Ce que 2019 a prouvé :
- Les protocoles de communication sont des surfaces d’attaque — même les apps chiffrées
- Le chiffrement de bout en bout ne protège pas contre l’exécution de code sur l’appareil
- L’industrie du spyware commercial opère dans un vide juridique international
- Les gouvernements démocratiques eux-mêmes achètent et utilisent ces outils
- La chaîne de confiance (app store, protocole, OS) est fragile à chaque maillon
Le zero-click est devenu la norme. Depuis 2019, des dizaines d’exploits zero-click ont été découverts dans iMessage, FaceTime, Apple Music, Google Chrome. Chaque application qui traite des données entrantes est une porte potentielle.
“Le zero-click, c’est l’arme silencieuse par excellence. Pas de phishing, pas de social engineering. Juste la confiance aveugle dans le protocole.” — John Scott-Railton, Citizen Lab
VII. Ce qui a changé depuis
Apple a introduit Lockdown Mode en 2022 (iOS 16) — un mode de sécurité extrême qui désactive les vecteurs d’infection zero-click connus.
L’Union Européenne a lancé une enquête sur l’utilisation de Pegasus par des États membres (Pologne, Hongrie, Espagne, Grèce).
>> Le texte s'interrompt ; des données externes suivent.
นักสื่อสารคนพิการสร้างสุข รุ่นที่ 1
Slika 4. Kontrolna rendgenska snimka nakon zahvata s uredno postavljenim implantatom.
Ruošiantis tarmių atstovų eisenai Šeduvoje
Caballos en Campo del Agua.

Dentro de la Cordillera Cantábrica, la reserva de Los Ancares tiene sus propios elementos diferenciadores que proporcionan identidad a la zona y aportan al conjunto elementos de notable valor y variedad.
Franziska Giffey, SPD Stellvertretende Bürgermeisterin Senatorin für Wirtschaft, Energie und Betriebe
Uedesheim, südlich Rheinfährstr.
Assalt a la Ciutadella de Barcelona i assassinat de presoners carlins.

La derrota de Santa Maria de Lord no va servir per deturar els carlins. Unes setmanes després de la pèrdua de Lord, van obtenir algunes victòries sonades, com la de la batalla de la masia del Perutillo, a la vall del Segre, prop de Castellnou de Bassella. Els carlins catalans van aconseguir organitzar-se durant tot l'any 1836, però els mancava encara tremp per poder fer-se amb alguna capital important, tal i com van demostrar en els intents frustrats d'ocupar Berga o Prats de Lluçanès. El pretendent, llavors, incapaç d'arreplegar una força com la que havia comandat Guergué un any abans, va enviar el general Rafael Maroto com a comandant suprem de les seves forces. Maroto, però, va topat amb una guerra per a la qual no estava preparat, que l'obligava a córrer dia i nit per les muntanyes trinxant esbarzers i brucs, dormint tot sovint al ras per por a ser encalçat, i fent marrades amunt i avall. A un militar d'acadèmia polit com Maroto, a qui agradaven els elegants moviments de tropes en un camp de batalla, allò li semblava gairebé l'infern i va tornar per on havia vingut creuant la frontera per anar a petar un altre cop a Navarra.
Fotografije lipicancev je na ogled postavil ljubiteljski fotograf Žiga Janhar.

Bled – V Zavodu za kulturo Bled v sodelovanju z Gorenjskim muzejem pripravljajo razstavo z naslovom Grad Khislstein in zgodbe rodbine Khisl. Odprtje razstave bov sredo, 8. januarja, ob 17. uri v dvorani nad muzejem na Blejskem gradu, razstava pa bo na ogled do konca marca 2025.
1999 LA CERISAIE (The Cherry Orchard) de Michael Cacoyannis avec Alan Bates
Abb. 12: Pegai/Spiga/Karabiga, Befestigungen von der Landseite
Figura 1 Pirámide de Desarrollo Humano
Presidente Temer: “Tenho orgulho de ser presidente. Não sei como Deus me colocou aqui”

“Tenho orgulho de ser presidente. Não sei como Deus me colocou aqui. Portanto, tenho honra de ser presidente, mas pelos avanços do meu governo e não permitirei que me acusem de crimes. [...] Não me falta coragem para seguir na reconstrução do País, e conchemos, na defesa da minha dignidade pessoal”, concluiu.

Le Commerce Department américain maintient NSO sur sa Entity List, limitant l’accès de l’entreprise à la technologie américaine.
Mais le marché continue. Intellexa, Candiru, Quadream opèrent toujours. Les États continuent d’acheter. Les exploits continuent d’être découverts et vendus.
L’Invisible Permanent
Pegasus n’a pas disparu. Il s’est diversifié. L’écosystème du spyware commercial est aujourd’hui plus vaste, plus sophistiqué, plus fragmenté qu’en 2019.
Le zero-click n’est plus une exception technique. C’est le modèle d’attaque dominant pour les acteurs étatiques. Et chaque mise à jour de votre téléphone est une course entre le patch et l’exploit.
Votre appareil le plus intime est aussi le plus vulnérable. Il dort dans votre poche, il connaît vos secrets, il entend vos conversations. Et quelque part, dans un datacenter dont vous ne connaîtrez jamais l’adresse, quelqu’un pourrait déjà être en train d’écouter.
“La surveillance la plus efficace est celle que vous ne remarquez jamais.”
Keep private, stay vigilant, et souviens-toi : le zero-click, c’est la confiance transformée en arme.